On that note, Games Workshop staff in London denied any knowledge of up-coming Grey Knights in the near-future. Drat.


----------



## exsulis (Jul 17, 2008)

Yeah, we won't see any confirmation of April's stuff for another month


----------



## coke123 (Sep 4, 2010)

hungryugolino said:


> "Oops, misfired. Sorry!"
> 
> On that note, Games Workshop staff in London denied any knowledge of up-coming Grey Knights in the near-future. Drat.


Of course they didn't. They're not going to say a damn thing till we get the newsletter telling us about the release.


----------



## deathwatch27 (Dec 30, 2009)

A staff member in my local workshop said today that its a definite 2011 release just not sure when ?????


----------



## Sethis (Jun 4, 2009)

No Inv for the rest of the game? An auto-kill on Dark Eldar and Eldar HQs then, who only have an invulnerable to start with. I'd be looking at 120pts+


----------



## colonel gator (Feb 9, 2008)

Stephen_Newman said:


> I don't see invuns not working for the whole game. However cancelling invun save for a turn don't seem too bad. Provided it is not some ridiculous 75 points or something. Would be more epic if it snipers on a 3+ rather than 4+ because that is the biggest letdown.

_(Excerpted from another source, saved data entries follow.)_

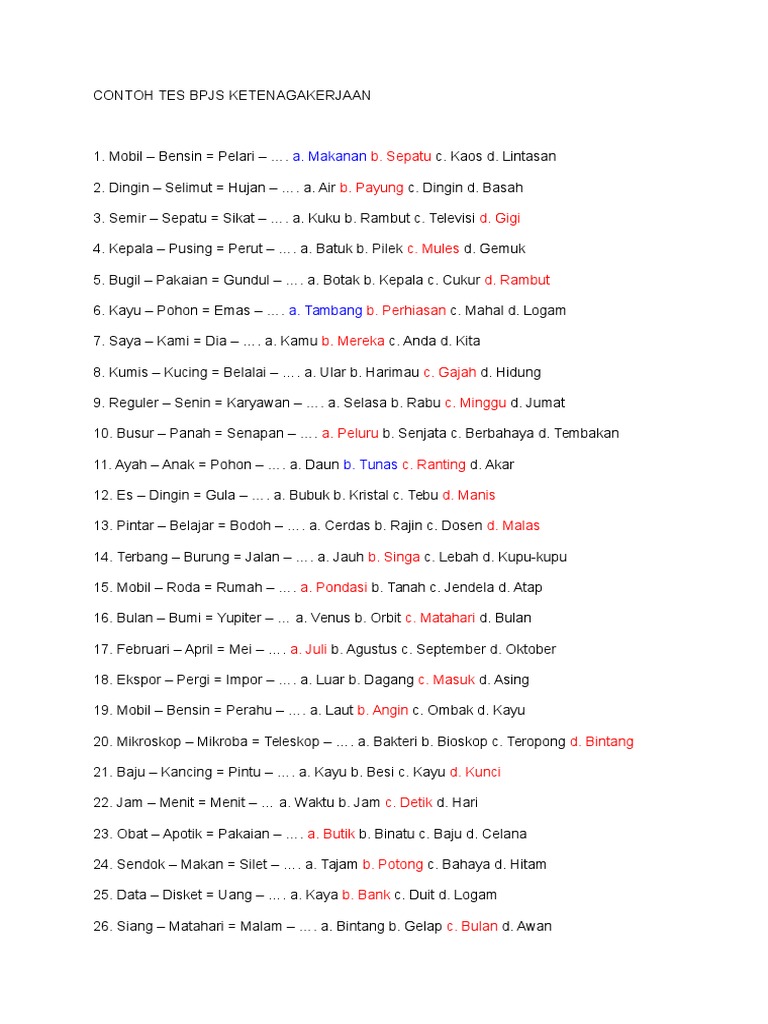 Contoh soal tes bpjs kesehatan. Kumpulan soal dan jawaban atau pembahasan psikotes yang bisa membantu untuk persiapan tes masuk kerja khususnya di bpjs ketenagakerjaan dan bpjs kesehatan. Dapatkan kisi kisi contoh soal psikotes cpns siap menghadapi ujian dan test cpns 2019 gratis download soal cpns 2019 kunci jawaban pdf soal cat scan lengkap 2019. Psikotes dasar di 2020 psikologi matematika kunci. Contoh soal tpa beasiswa djarum 2018 anda sedang mempersiapkan diri menghadapi ujian atau tes seleksi lowongan kerja bpjs kami sarankan untuk lebih banyak lagi mempelajari contoh contoh soal tpa dan pilihlah tempat yang sangat terpercaya dan memiliki penghargaan berupa tertimoni dari pelanggan yang sudah lulus tpa. Berikut ini adalah contoh soal tes potensi akademik bpjs kesehatan yang bisa anda unduh secara gratis dengan menekan tombol download yang ada pada tautan dibawah ini. Itulah yang dapat kami bagikan terkait contoh soal tes online bpjs ketenagakerjaan pdf.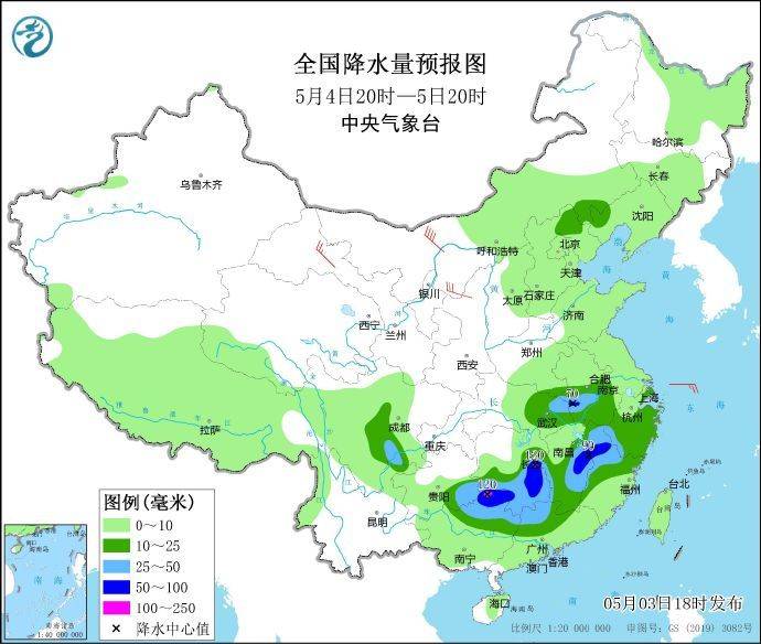 随着暖湿气流再次加强,南岭-武夷山沿线将遭遇今年以来最猛烈而持久的一波暴雨袭击。尤其是假期最后一天5月5日,暴雨区域从贵州一直绵延到福建,连长江中下游沿线也有中到大雨。
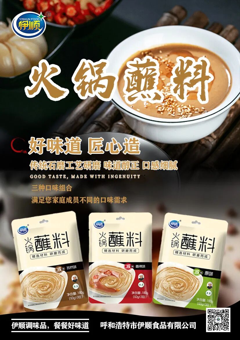 火锅蘸料:公司采用传统的石磨工艺,精心研磨。味道醇正,口感细腻,三种口味组合满足您家庭成员的不同口味需求,适用于蘸食涮肉、涮蔬菜,蘸食馒头面包,爆肚等其他食材,或拌面条等。其色香味浓,香而不腻,方便快捷。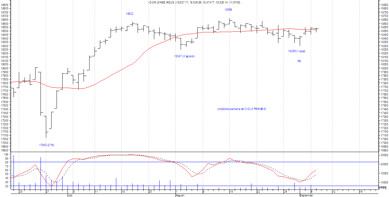 Dow Jones: Ciclo Primario (órbita media 15-21 semanas)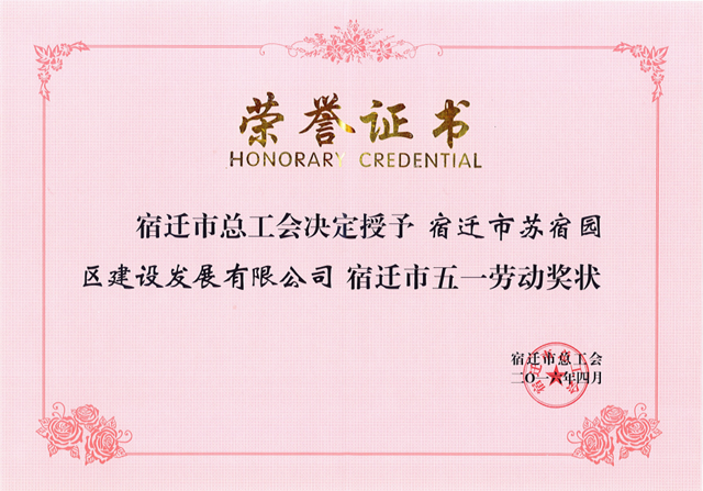 4月29日,在宿遷市慶祝五一國際勞動節(jié)暨表彰五一勞動獎大會上,公司被授予宿遷市“五一勞動獎狀”榮譽(yù)稱號。

the vindicare has a bs of 5. so it still hits on 2+ but theres gonna be some catch to this. cause seriously, a sniper model with that kind of kit, hitting on 2+ every turn with no inv save would be almost unstoppable.


----------



## Necrosis (Nov 1, 2008)

colonel gator said:


> the vindicare has a bs of 5. so it still hits on 2+ but theres gonna be some catch to this. cause seriously, a sniper model with that kind of kit, hitting on 2+ every turn with no inv save would be almost unstoppable.


He's one model. It's like the doom. Just shoot a bunch of strength 8 weapons at him. He probably won't be able to join squads.


----------



## coke123 (Sep 4, 2010)

colonel gator said:


> the vindicare has a bs of 5. so it still hits on 2+ but theres gonna be some catch to this. cause seriously, a sniper model with that kind of kit, hitting on 2+ every turn with no inv save would be almost unstoppable.


There are two catches as always with the vindicare-

1) High points cost. He's a single model with a points cost to rival a Space Marine Captain
2) Fragility- He's T4 with 4+ armour. Even if he does get stealth, that only makes his cover save 3+, so a reasonable amount of S4 fire, for instance rapid fire bolters, should take him out. Not to mention that he's reasonably easy to insta-kill.

I'll probably take one, but I'll also have a purgation squad, PAGK squad, or even some ISTs to babysit him and hold up/kill potential threats. Once you factor in this 'babysitter squad' you're looking at a 300-400pt investment.


----------



## officer kerky (Jun 12, 2008)

yes there is always a downside to any model.
and with the vindicare its the fact he cannot join squads
he costs shit loads
and as always his bark is worse then his bite.

and the points investment coke123 was talking about is a must have if you want him to survive more than 2-3 turns


----------



## GrizBe (May 12, 2010)

Only surviving a couple of turns when he could pretty much take out a Landraider on his own if that 4d6pen rumor is true..... I'd say thats worth the investment.


----------